## Required action
Copy, word for word, the lines below from the one containing "Guarda Roupa 6" up to and including the one containing "Ferme futura Présentation", with pictures left out.

## Material for this task
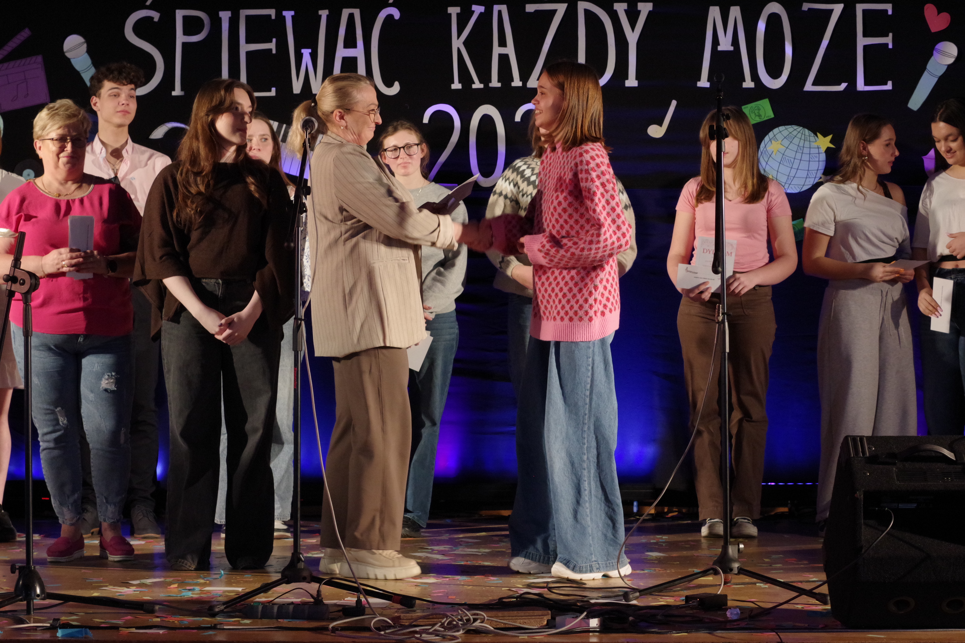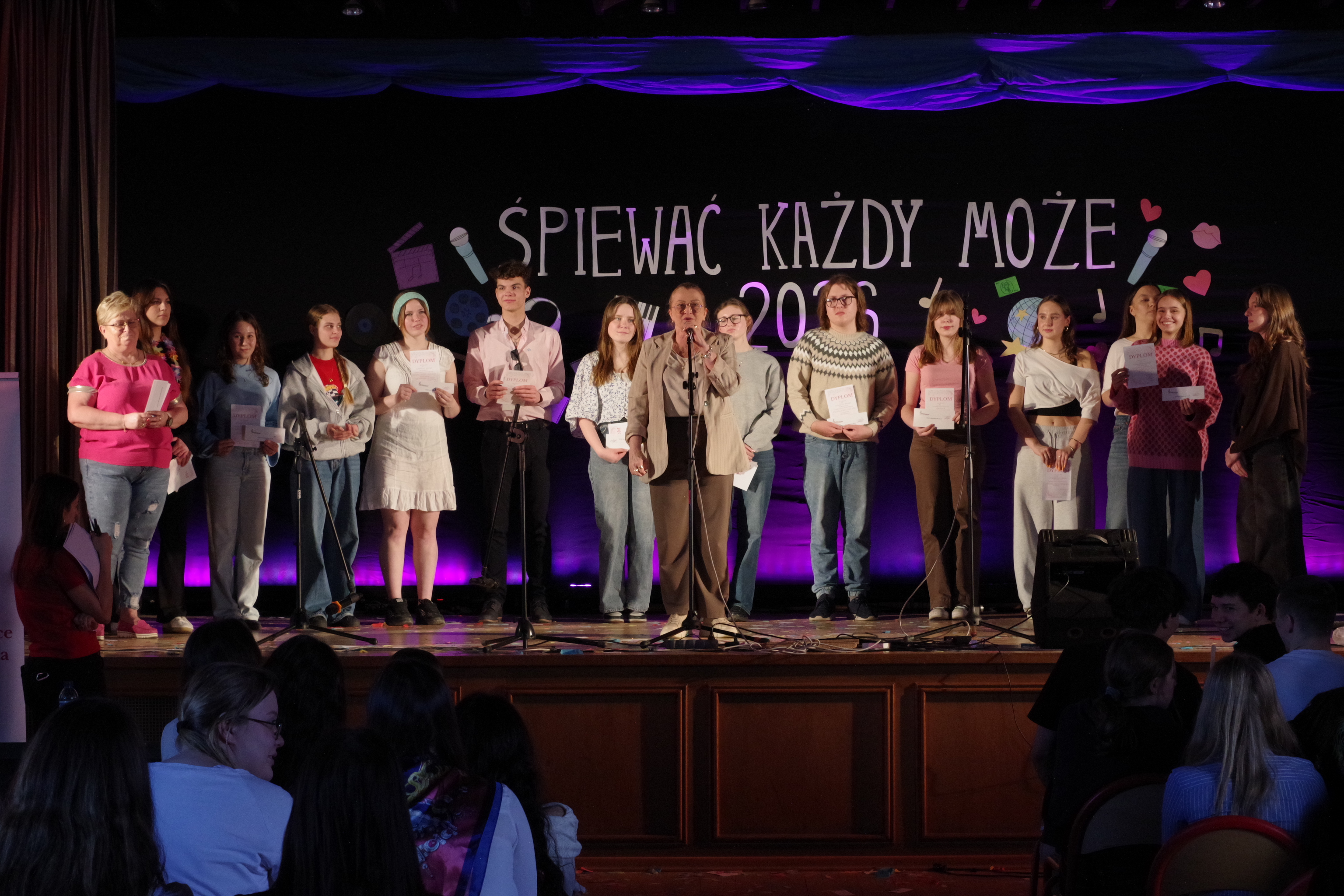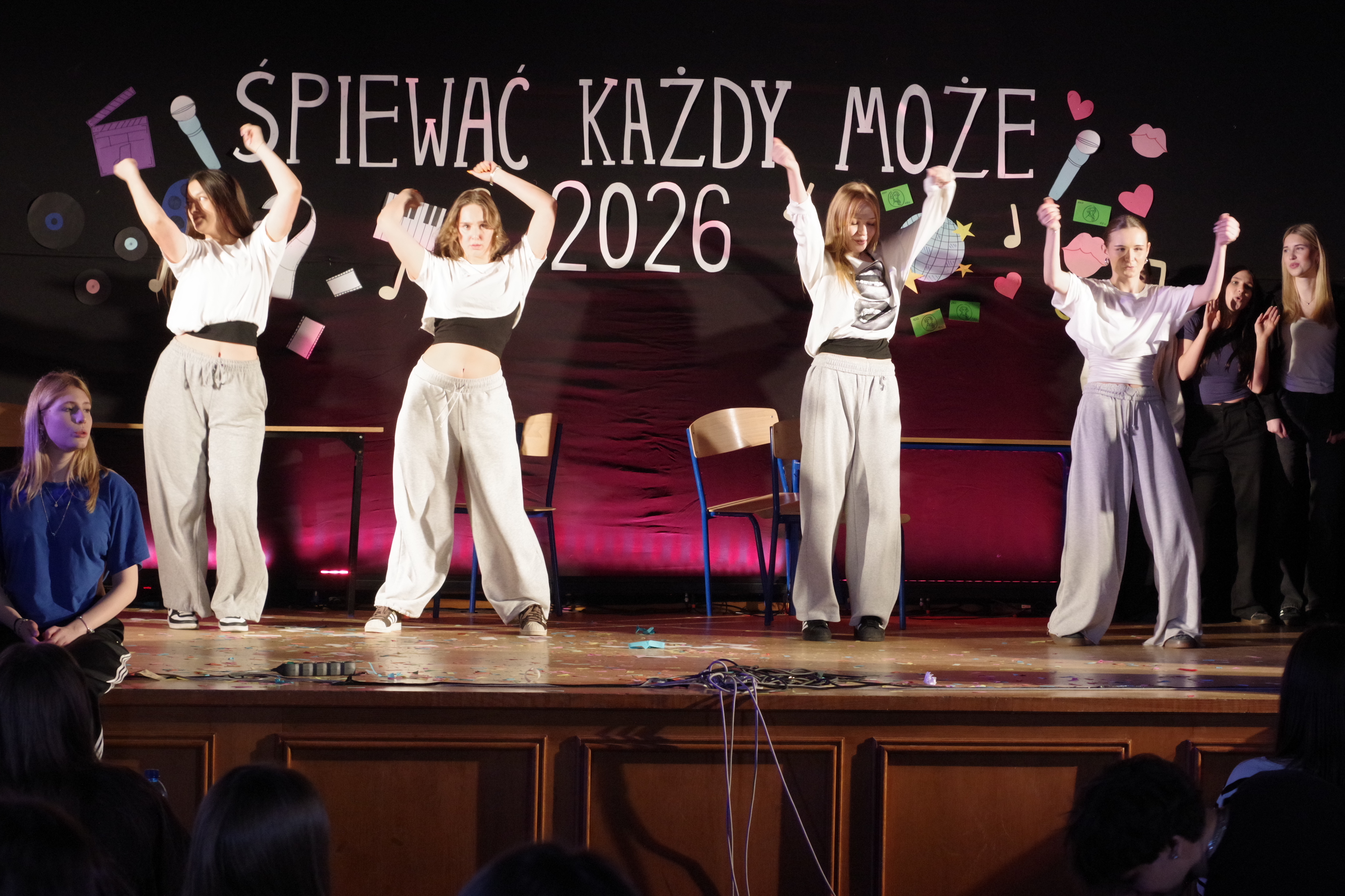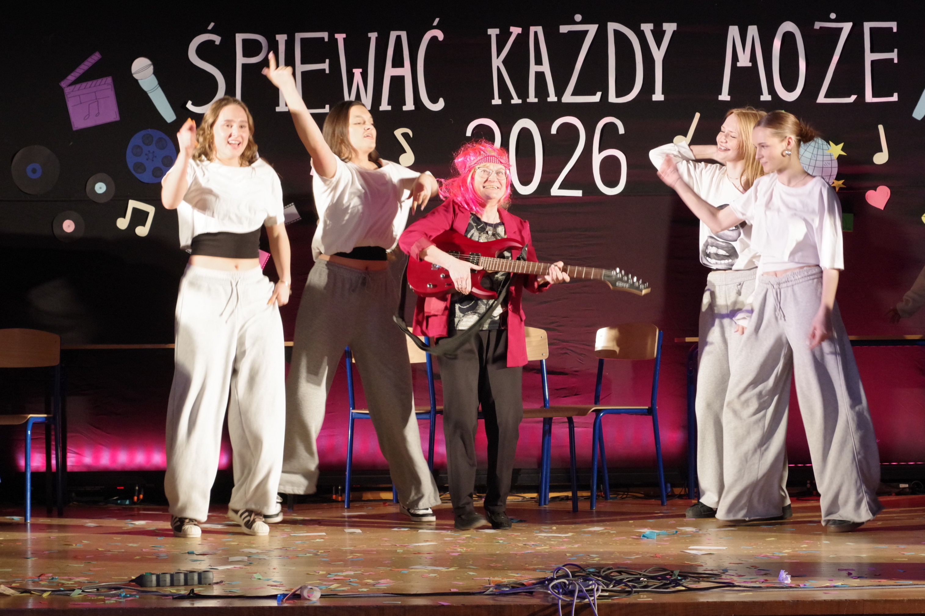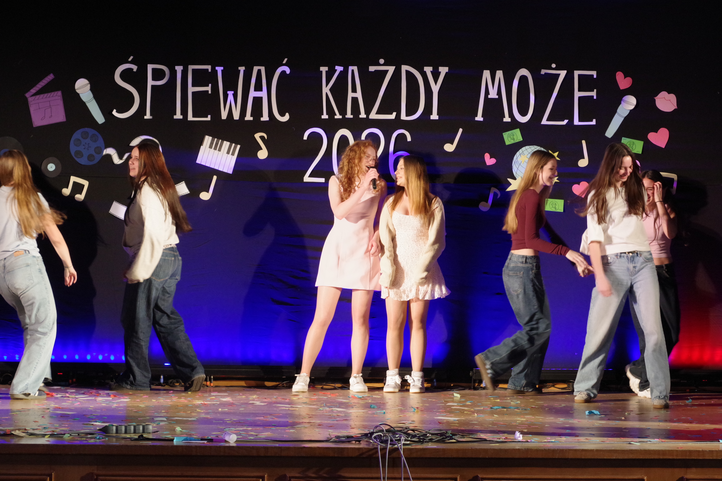 Następnie odbyły się występy uczniów w festiwalu „Śpiewać Każdy Może”, który od lat jest jedną z ulubionych szkolnych tradycji. W tym roku uczniowie zaprezentowali szeroki repertuar – od piosenek filmowych i bajkowych, po znane i lubiane utwory disco polo. Pojawiły się piosenki takie jak „Przekorny Los”, „Mama Ostrzegała”, „Eye of the Tiger” czy „Shake it off”.  Występy były pełne energii, pomysłowości oraz zaangażowania, a publiczność nagradzała wykonawców gromkimi brawami.
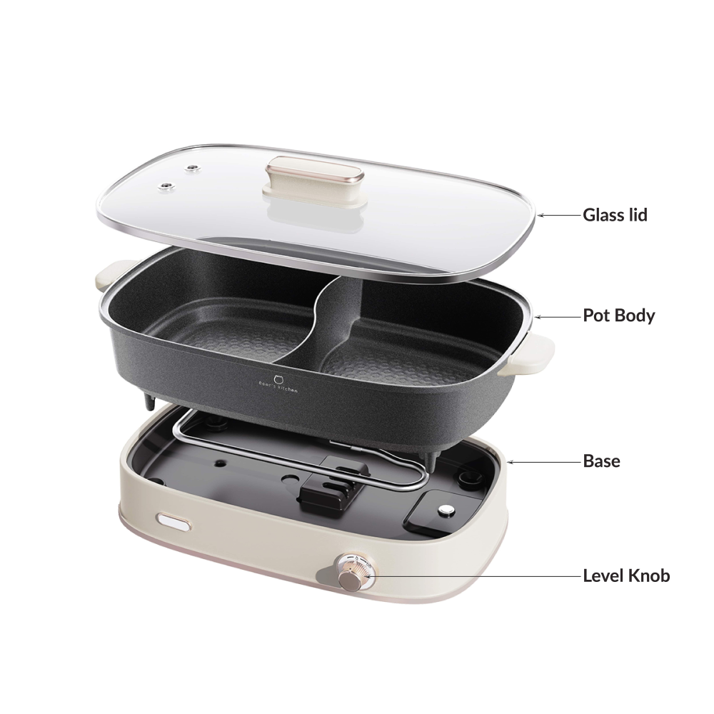 ⚙️ Inside Box: Base with Power Cord ×1, Dual-Compartment Pot ×1, Glass Lid ×1, Instruction Manual ×1
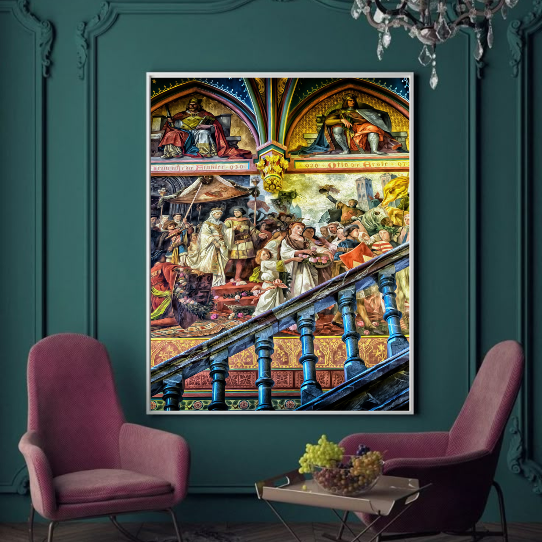 Step into a vivid historical tapestry with “Legacy of the Ages”, a breathtaking high-quality canvas print that encapsulates the grandeur of medieval civilization. Rich in detail and storytelling, this masterpiece blends regal authority, religious devotion, and the bustling energy of the people, all under the watchful gaze of noble rulers. The intricate architecture and bold colors bring a sense of timeless heritage, making this artwork a perfect statement piece for lovers of history, culture, and classical artistry.
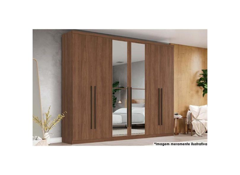 Guarda Roupa 6 Portas (2 c/ Espelho) e 3 Gavetas Jade Castanho - Henn
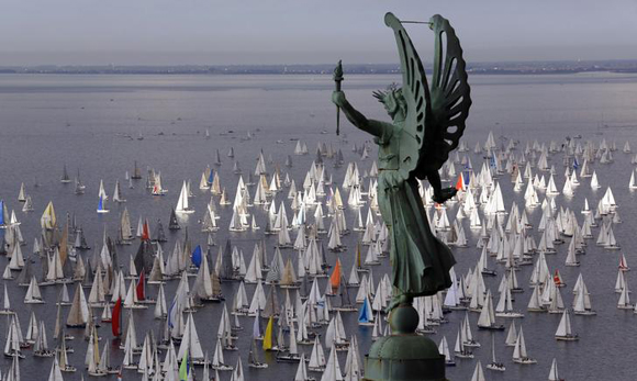 Sailing boats gather at the start of the Barcolana regatta in front of Trieste harbour, Italy. October 13, 2013.
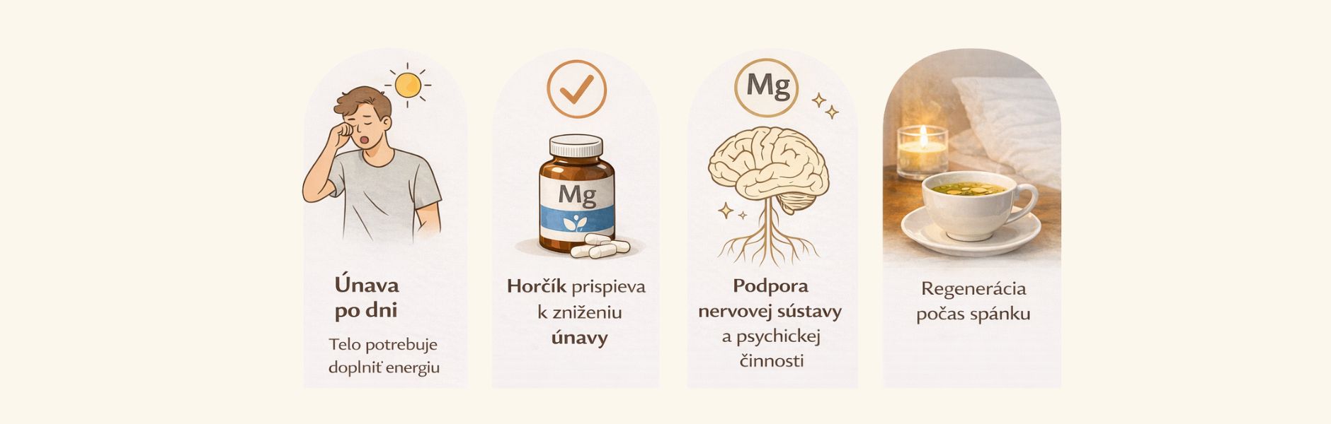 Jednou z možností, ako telu večer dopriať podporu, je horčík – minerál, ktorý prispieva k normálnej činnosti nervovej sústavy, psychickej činnosti a k zníženiu miery únavy a vyčerpania.
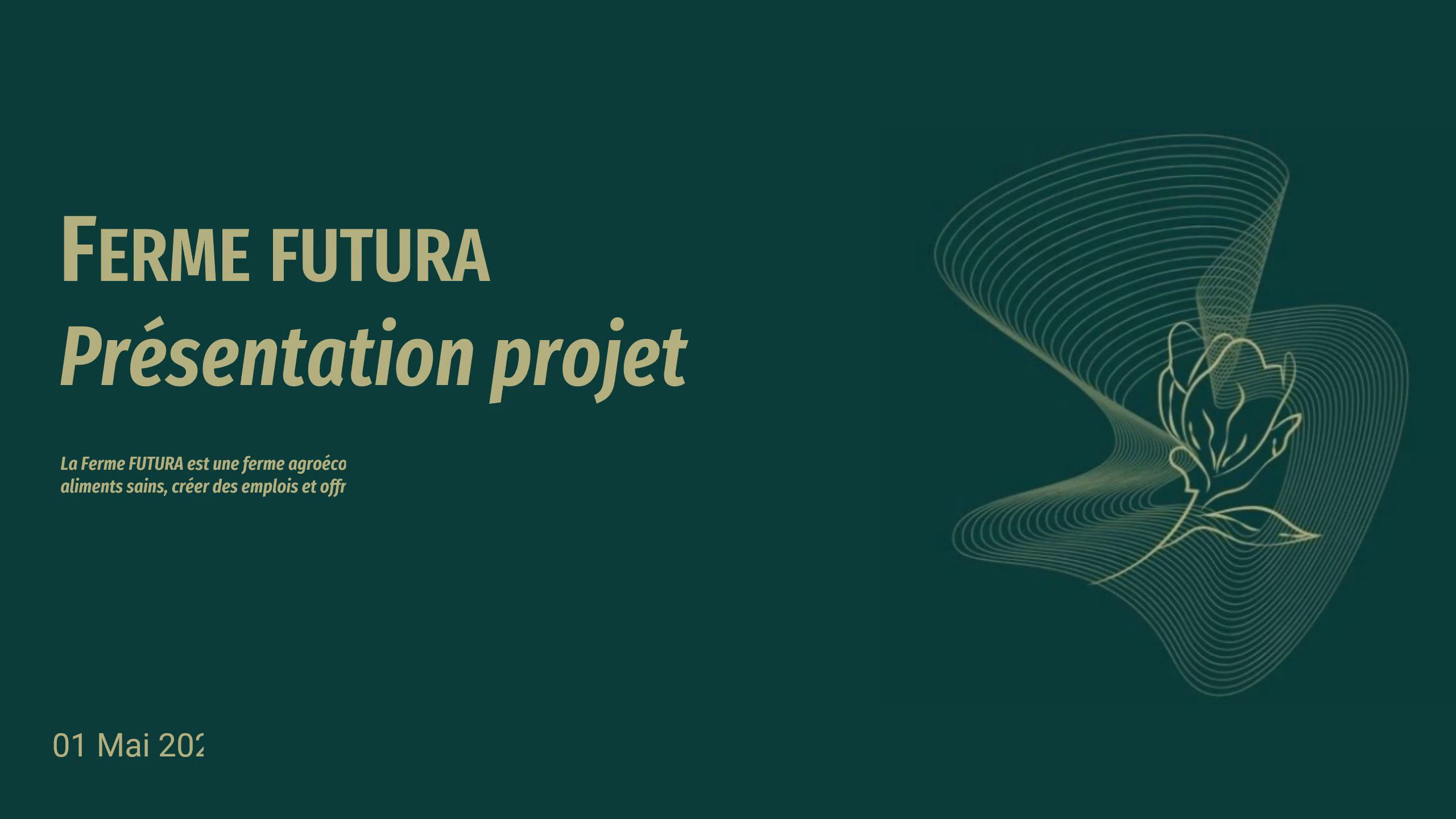 Ferme futura Présentation projet. 01 Mai 2025. La Ferme FUTURA est une ferme agroécologique utilisant des technologies avancées pour produire des aliments sains, créer des emplois et offrir des formations..
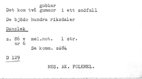 //// gubbar //// Det kom två gummor i ett snöfall //// De bjödo hundra riksdaler //// Danslek //// s* 86 v mel.not, 1 str. //// nr 6 //// Se komm. s§84 //// D 129 //// MUS. AK. FOLKMEL. //// * . ... t * //// ^ _ _ ^ n ^ ^^_____^ HH) - << **____< I .... lin .! ! «<! ////
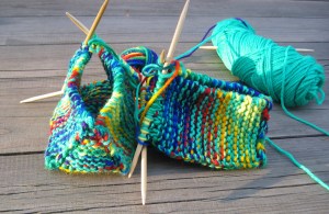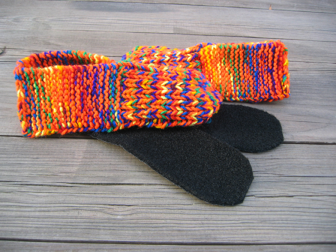 These were originally for me so I decided to cast on another pair using free green yarn and the variegated color to put away for later use or gifting.
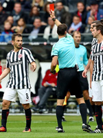 В перерыве Карло Анчелотти сделал первую замену. Хаби Алонсо поменял Саншеш. Логичное перестановка. Не хватало «Баварии» мобильности в центре поля. Вторая половина встречи стартовала с резвой атаки гостей, завершившейся неточным дальним выстрелом Киммиха. Отдавать инициативу противнику франкфуртцы не планировали. У них продолжали активно работать фланги, которые продолжали активно утюжить Очипка и Чендлер соответственно. Одно из стремительных наступлений со стороны «Айнтрахта» завершилось неточным ударом Фабиана из-за пределов штрафной площади. Продолжал коллектив Нико Ковача действовать смело, без тени робости. Не боялись они прозевать разящую контратаку противника. Впрочем, скоростных выпадов в исполнении мюнхенцев мы практически не видели. Правда, на 53-й минуте лидер Бундеслиги сподобился-таки на организацию достойной атаки сходу и должен был забивать, но Коман с близкого расстояния пробил в штангу. «Простил» француз франкфуртцев в данной ситуации. Следом «Бавария» подала угловой, который ничем любопытным не завершился. А на исходе часа игрового времени Градецкий наконец-то показал себя во всей красе, в эффектном прыжке потащив фирменный обводящий выстрел Роббена метров с двадцати. Заметно прибавил «рекордмайстер» в движении в эти минуты. Настоящий натиск на чужие ворота организовала команда Карло Анчелотти и своего всё-таки своего добилась. После розыгрыша углового мяч отскочил у Саншеша, удар у которого, откровенно, не получился, однако игровой снаряд удачным образом отскочил к Киммиху, и тот, быстро сориентировавшись, поразил цель выстрелом с близкого расстояния – 1:2. Всё закономерно. Наконец-то мюнхенцы заиграли так, как мы от неё этого ждали. На этом беды «Айнтрахта» не закончились. Спустя пару минут команда Нико Ковача осталась в меньшинстве. Хусти не смог совладать со своими эмоциями, устроил перепалку с соперниками и отправился досматривать встречу в раздевалку.

## Exercise answer
 Guarda Roupa 6 Portas (2 c/ Espelho) e 3 Gavetas Jade Castanho - Henn
 Sailing boats gather at the start of the Barcolana regatta in front of Trieste harbour, Italy. October 13, 2013.
 Jednou z možností, ako telu večer dopriať podporu, je horčík – minerál, ktorý prispieva k normálnej činnosti nervovej sústavy, psychickej činnosti a k zníženiu miery únavy a vyčerpania.
 Ferme futura Présentation projet. 01 Mai 2025. La Ferme FUTURA est une ferme agroécologique utilisant des technologies avancées pour produire des aliments sains, créer des emplois et offrir des formations..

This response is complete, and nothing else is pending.